### DESCRIPTION OF THE TASK:
Omitting every picture, copy the lines from the one that contains "offene Küche mit" through the last line of the records below, exactly and with nothing added.

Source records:
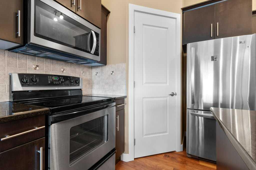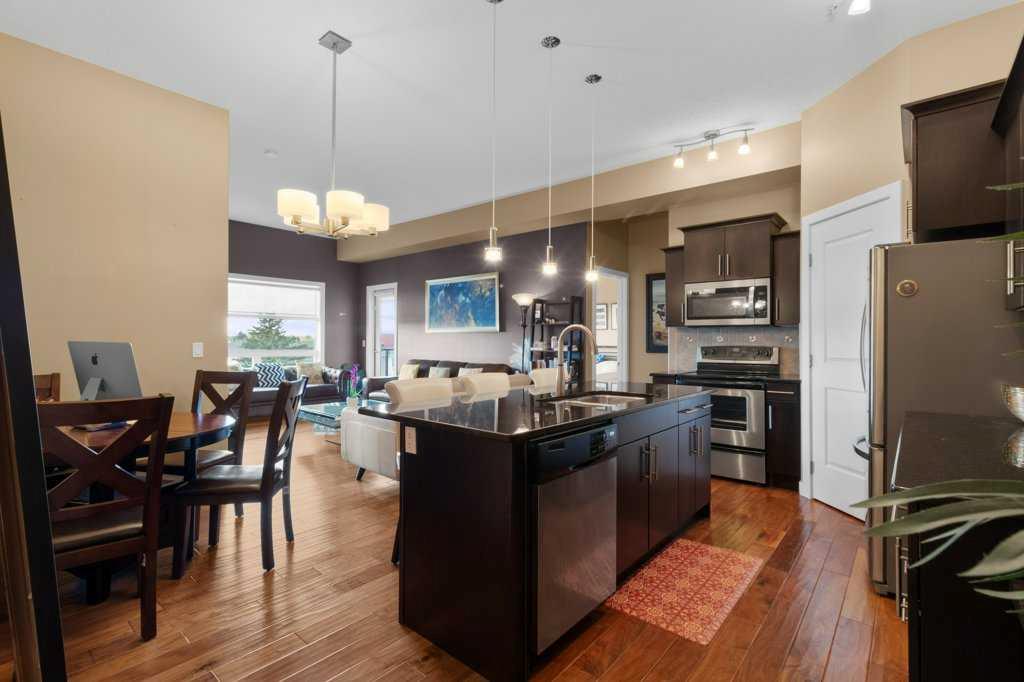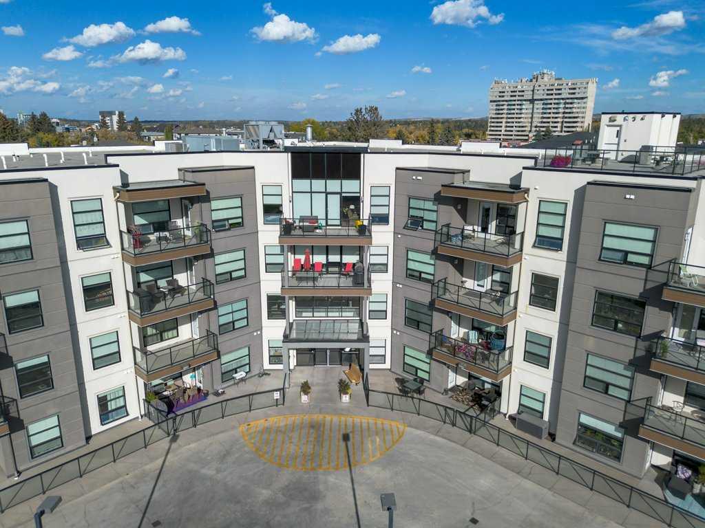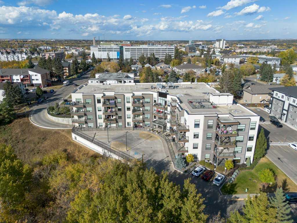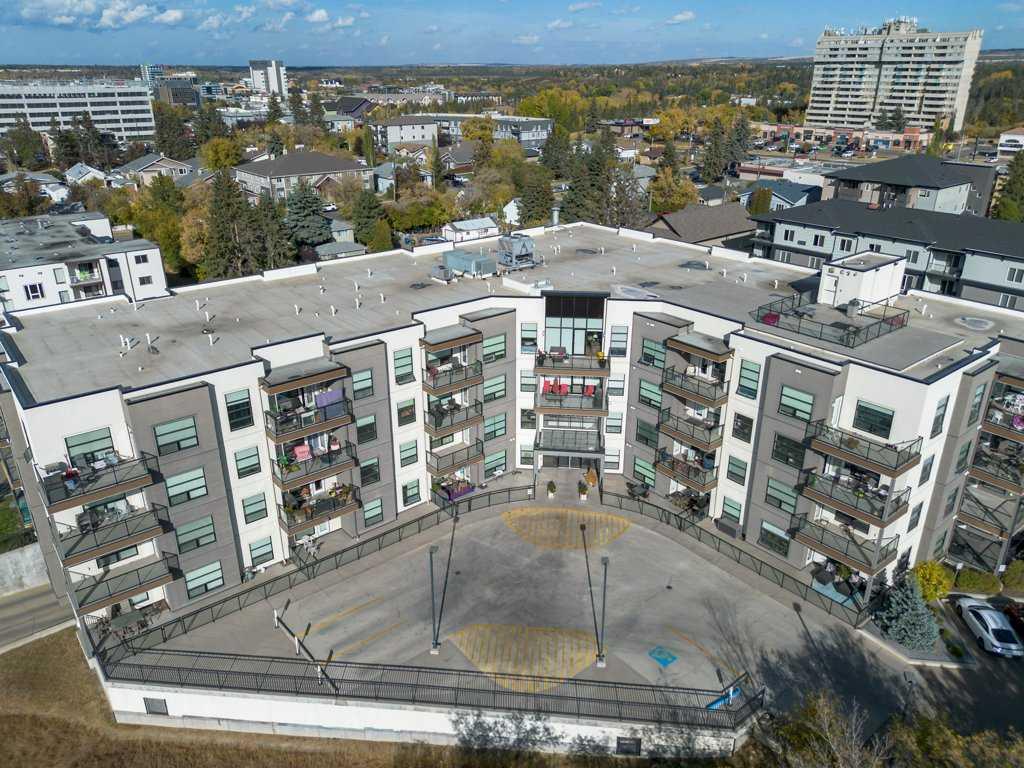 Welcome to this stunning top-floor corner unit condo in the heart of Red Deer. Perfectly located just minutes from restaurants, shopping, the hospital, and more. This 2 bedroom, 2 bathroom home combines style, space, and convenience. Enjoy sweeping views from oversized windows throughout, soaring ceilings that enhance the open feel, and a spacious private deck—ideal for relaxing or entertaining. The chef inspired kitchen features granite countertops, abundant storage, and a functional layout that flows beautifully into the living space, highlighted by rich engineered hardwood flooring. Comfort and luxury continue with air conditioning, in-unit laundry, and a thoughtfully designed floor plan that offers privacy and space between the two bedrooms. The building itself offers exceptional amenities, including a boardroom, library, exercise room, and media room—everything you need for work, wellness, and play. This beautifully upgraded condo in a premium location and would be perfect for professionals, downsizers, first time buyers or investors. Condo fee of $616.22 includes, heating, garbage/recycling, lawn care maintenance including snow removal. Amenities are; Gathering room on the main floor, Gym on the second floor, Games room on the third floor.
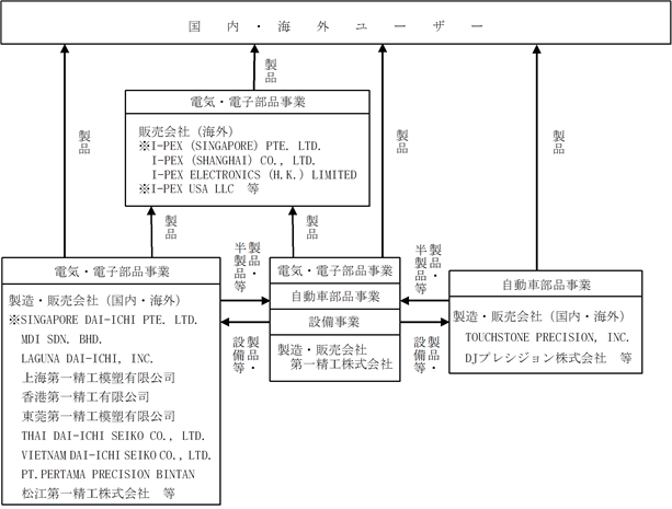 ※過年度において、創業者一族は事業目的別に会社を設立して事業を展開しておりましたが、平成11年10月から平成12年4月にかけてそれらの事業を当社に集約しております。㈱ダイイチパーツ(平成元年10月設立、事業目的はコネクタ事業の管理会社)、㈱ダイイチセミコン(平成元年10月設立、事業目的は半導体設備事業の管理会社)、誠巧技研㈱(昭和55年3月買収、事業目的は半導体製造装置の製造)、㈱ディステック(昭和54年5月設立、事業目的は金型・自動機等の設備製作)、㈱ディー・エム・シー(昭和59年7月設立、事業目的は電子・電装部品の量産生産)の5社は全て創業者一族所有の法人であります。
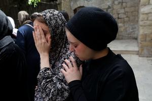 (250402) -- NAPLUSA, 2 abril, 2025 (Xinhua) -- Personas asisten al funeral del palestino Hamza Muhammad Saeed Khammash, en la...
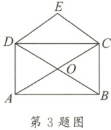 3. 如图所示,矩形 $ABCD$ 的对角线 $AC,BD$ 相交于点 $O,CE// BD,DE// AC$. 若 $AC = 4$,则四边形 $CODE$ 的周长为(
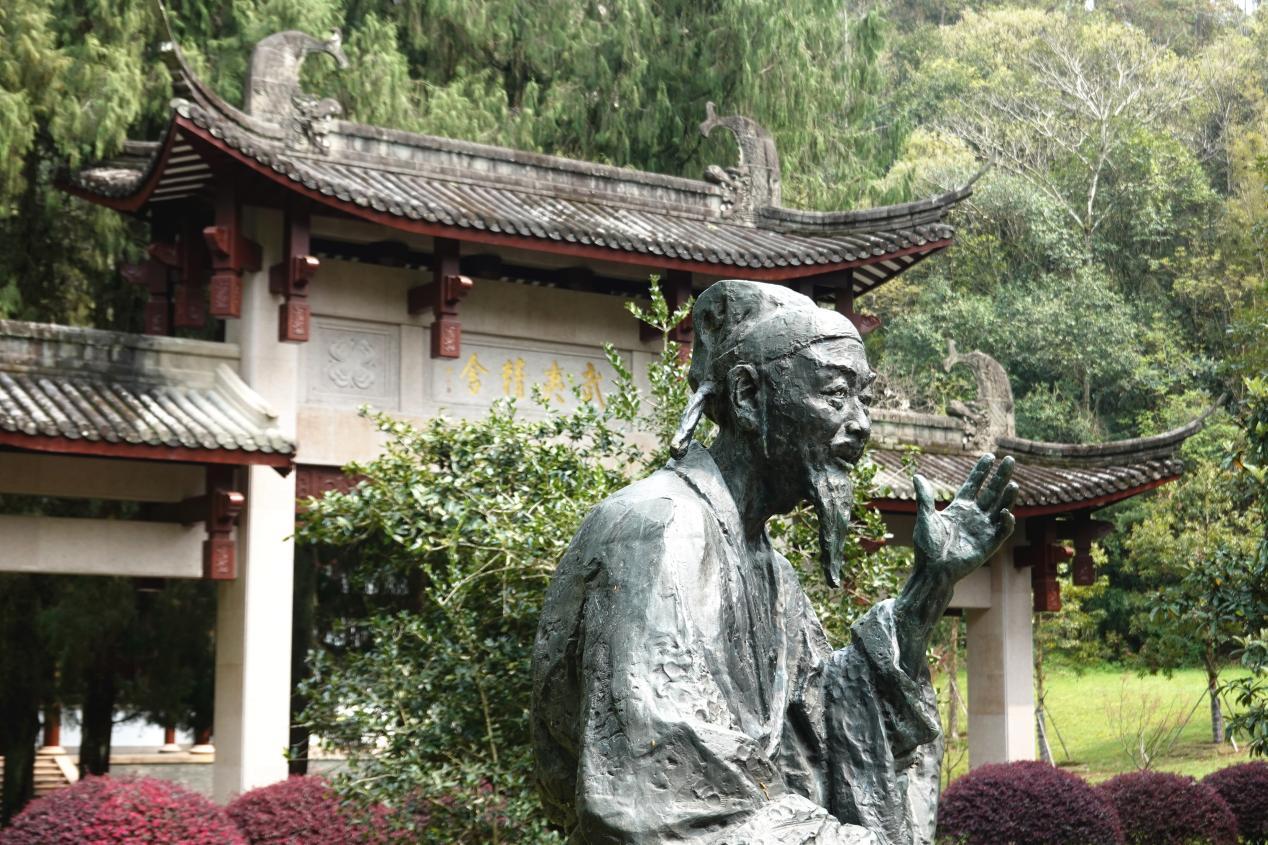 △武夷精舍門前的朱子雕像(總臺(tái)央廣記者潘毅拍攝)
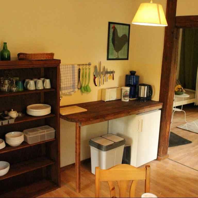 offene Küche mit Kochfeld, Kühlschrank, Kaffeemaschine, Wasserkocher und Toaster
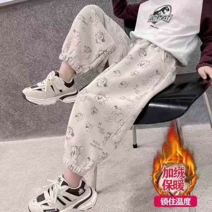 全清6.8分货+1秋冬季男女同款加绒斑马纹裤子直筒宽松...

### PROBLEM SOLUTION:
 offene Küche mit Kochfeld, Kühlschrank, Kaffeemaschine, Wasserkocher und Toaster
 全清6.8分货+1秋冬季男女同款加绒斑马纹裤子直筒宽松...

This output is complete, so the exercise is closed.